Ustwo

Why Ustwo became employee owned

We speak to the studio’s CEO, Carsten Wierwille, about its journey from being founder-run to becoming an Employee Ownership Trust, and how it hopes to inspire other creative businesses to do the same

From social enterprises to B Corps, a whole raft of companies have been exploring new ways to run their businesses in recent years. As CR explored in a recent piece, one model that is proving increasingly popular is the Employee Ownership Trust. More than 700 companies have become EOTs since its introduction in the UK in 2014, including the John Lewis Partnership, Richer Sounds and Arup. Employee Ownership and specifically Trusts are also gaining momentum in the US, and the Nordics have a long tradition of employee (share) ownership.

The latest EOT convert in the creative industries is digital product studio Ustwo, best known for its work with Google, Barclays and BMW. Established in 2004 by John ‘Sinx’ Sinclair and Matt ‘Mills’ Miller – both of whom were then in their 20s – the newly announced move will see the founders and shareholders transfer ownership of the studio’s London, Malmö, Lisbon, New York and Tokyo outposts to an EOT. Speaking of the decision, Sinx says: “We want to protect the values and culture of the studios. By becoming employee-owned we can reduce our equity as founders and keep the vibrancy that is associated with our work and perspective.”
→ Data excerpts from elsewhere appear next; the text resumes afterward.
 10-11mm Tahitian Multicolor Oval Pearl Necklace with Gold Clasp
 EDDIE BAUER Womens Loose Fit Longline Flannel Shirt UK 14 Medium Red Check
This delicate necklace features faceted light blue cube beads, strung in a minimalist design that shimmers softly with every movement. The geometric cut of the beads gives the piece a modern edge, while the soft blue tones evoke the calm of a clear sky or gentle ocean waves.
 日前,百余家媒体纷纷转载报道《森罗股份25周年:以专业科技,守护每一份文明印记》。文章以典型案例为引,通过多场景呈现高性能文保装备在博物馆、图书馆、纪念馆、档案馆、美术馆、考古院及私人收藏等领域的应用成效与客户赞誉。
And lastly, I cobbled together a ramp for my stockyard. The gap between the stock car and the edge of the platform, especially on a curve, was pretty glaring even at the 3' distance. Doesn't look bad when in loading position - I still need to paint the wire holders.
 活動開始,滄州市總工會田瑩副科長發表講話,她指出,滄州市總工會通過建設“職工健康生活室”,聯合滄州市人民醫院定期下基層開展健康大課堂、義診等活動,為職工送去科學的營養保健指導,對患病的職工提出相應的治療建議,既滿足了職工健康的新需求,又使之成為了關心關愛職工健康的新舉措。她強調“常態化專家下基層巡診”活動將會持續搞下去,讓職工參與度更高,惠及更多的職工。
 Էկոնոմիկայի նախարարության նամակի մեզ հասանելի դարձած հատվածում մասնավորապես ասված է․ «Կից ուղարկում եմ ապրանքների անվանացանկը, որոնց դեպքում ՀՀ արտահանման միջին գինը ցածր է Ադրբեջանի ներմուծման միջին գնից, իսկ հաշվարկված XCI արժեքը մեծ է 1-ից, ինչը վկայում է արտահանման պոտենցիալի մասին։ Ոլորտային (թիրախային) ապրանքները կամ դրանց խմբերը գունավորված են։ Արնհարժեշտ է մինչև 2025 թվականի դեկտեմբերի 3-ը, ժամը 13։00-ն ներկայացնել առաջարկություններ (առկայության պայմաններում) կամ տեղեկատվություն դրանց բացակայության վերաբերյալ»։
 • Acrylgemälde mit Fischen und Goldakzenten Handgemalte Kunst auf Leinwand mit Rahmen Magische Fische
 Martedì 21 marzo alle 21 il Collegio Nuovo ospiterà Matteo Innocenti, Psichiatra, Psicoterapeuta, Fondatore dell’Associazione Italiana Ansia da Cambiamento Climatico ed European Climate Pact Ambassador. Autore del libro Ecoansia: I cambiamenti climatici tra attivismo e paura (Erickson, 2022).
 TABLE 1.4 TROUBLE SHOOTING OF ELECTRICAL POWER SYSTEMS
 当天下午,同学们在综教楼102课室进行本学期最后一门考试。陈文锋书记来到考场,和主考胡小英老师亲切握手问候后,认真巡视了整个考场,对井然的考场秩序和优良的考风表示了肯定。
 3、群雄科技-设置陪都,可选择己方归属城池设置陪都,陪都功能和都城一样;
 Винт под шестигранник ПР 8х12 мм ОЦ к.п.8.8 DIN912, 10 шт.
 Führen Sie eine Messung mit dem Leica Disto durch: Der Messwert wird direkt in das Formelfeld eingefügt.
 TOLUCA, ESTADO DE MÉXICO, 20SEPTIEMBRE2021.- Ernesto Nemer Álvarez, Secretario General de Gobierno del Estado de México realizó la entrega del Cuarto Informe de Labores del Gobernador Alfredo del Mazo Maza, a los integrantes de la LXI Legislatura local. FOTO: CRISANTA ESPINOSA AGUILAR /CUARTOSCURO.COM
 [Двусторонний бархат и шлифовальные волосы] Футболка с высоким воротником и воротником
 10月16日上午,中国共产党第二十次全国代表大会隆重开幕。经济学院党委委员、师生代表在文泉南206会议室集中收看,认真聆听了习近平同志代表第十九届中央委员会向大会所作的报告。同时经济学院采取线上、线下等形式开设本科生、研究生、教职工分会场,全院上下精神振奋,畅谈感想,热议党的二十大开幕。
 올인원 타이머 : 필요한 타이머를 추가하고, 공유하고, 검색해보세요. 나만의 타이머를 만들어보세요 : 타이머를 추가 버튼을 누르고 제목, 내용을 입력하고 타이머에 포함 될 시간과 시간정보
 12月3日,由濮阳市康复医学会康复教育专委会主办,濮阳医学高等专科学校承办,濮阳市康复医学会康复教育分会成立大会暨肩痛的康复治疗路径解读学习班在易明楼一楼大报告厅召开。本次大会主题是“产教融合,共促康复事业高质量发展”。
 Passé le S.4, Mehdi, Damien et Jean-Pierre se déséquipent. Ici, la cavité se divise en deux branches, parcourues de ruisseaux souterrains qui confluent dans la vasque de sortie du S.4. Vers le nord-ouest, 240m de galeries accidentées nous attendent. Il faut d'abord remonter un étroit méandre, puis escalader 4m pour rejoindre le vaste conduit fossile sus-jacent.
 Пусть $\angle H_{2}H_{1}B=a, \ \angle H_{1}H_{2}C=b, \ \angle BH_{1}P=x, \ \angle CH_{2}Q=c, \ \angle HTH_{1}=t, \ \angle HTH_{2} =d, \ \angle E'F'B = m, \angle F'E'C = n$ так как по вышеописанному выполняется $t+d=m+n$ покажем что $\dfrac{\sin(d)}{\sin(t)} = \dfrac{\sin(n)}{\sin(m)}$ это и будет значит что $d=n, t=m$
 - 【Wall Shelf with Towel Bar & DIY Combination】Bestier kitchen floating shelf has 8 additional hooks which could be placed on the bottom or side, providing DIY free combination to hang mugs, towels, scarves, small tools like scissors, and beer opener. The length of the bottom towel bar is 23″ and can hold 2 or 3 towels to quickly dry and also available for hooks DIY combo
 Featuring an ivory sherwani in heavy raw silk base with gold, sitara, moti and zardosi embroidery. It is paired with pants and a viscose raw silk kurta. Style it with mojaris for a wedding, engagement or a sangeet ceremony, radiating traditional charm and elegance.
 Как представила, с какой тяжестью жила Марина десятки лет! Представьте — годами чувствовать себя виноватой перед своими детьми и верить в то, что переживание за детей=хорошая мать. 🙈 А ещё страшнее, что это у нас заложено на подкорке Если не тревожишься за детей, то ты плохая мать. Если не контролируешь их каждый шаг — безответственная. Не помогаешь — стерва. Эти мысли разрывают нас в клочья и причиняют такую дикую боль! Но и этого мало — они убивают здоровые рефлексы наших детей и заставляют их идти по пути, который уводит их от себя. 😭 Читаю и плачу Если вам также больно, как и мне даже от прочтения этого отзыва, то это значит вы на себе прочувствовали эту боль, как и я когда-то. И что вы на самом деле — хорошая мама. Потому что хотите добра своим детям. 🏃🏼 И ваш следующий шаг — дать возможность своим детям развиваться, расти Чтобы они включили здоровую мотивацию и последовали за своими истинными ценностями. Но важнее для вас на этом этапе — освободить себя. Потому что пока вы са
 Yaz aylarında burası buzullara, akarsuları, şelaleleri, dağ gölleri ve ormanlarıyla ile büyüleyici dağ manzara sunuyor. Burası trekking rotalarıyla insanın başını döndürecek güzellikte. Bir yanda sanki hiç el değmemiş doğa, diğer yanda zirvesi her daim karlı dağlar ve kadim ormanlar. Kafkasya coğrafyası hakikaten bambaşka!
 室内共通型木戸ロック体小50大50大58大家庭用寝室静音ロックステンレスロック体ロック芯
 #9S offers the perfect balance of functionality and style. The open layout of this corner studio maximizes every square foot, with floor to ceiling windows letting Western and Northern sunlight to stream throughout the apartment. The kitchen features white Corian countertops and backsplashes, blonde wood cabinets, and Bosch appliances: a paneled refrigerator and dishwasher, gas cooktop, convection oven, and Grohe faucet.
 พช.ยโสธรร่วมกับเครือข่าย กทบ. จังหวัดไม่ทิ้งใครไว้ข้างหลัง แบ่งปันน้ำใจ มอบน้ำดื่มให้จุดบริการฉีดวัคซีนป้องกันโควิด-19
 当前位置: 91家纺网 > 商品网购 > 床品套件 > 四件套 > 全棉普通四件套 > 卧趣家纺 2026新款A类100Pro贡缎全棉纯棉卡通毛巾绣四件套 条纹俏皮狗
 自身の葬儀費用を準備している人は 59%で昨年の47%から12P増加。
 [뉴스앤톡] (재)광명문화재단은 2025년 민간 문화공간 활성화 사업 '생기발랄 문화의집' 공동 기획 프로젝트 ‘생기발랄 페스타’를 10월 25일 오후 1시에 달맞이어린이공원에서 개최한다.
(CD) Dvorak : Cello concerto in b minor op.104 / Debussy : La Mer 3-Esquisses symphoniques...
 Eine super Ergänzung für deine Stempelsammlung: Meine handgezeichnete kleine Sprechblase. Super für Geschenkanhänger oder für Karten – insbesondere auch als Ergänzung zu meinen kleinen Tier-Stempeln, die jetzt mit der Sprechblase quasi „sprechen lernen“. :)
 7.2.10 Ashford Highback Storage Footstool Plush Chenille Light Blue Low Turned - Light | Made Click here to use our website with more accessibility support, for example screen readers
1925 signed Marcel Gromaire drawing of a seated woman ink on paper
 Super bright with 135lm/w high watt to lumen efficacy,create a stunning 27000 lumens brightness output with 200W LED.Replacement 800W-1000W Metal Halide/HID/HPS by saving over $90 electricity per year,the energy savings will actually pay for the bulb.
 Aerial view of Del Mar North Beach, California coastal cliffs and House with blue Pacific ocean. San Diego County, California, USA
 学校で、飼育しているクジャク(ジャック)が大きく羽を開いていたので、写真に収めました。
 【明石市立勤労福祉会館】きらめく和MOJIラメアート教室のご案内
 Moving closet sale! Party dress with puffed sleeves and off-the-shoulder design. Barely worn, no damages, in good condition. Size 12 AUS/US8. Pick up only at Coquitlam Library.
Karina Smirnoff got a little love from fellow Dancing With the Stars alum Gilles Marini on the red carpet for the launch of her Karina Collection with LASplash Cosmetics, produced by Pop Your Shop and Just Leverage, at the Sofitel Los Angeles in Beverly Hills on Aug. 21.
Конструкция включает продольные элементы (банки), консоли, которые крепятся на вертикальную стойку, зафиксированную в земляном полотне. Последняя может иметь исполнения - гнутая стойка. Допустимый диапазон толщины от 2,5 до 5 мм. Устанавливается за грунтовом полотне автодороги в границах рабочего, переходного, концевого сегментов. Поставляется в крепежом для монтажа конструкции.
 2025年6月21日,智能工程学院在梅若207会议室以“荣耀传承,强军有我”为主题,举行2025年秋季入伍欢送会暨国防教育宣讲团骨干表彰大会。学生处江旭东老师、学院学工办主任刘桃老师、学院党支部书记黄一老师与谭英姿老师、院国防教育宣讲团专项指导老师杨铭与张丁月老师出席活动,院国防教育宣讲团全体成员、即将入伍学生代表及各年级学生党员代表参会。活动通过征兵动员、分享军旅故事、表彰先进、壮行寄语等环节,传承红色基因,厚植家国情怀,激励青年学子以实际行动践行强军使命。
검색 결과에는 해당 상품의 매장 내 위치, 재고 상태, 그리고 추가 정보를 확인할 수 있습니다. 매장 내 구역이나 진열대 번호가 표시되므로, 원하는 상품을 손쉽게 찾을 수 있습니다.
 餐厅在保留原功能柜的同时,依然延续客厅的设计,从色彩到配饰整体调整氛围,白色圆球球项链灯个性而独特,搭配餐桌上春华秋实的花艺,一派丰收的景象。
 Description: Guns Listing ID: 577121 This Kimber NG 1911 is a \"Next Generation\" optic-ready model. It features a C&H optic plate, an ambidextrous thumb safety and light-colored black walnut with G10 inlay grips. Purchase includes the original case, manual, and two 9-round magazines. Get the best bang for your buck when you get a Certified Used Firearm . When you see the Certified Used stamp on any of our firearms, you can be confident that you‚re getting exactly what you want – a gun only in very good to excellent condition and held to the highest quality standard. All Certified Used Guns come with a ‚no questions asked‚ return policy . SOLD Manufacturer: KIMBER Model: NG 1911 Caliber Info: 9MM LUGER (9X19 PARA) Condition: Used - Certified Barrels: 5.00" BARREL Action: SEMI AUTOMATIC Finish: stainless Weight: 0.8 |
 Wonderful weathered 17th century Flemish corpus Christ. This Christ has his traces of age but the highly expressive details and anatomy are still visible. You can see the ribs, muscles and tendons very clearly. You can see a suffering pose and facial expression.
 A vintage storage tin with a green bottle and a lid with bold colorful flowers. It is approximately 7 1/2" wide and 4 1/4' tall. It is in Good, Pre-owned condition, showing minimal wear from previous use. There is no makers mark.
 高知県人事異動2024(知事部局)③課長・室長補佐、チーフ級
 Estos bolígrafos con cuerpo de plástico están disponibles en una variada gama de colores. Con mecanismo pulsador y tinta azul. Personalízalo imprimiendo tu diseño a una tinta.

The seeds of an employee-owned model were planted back in 2018, when Carsten Wierwille joined the studio as CEO, with the mandate to help Sinx and Mills begin transitioning away from running the business. “The goal really was to shift to a different model where the founders were less involved in the day-to-day running of the company,” he tells CR. “The topic of ownership came up, because I had gone to design firms that were owned by technology outsourcing firms, which in turn were owned by private equity, so I saw the clash of cultures and incentives. I could tell them a lot of horror stories in terms of what not to do.”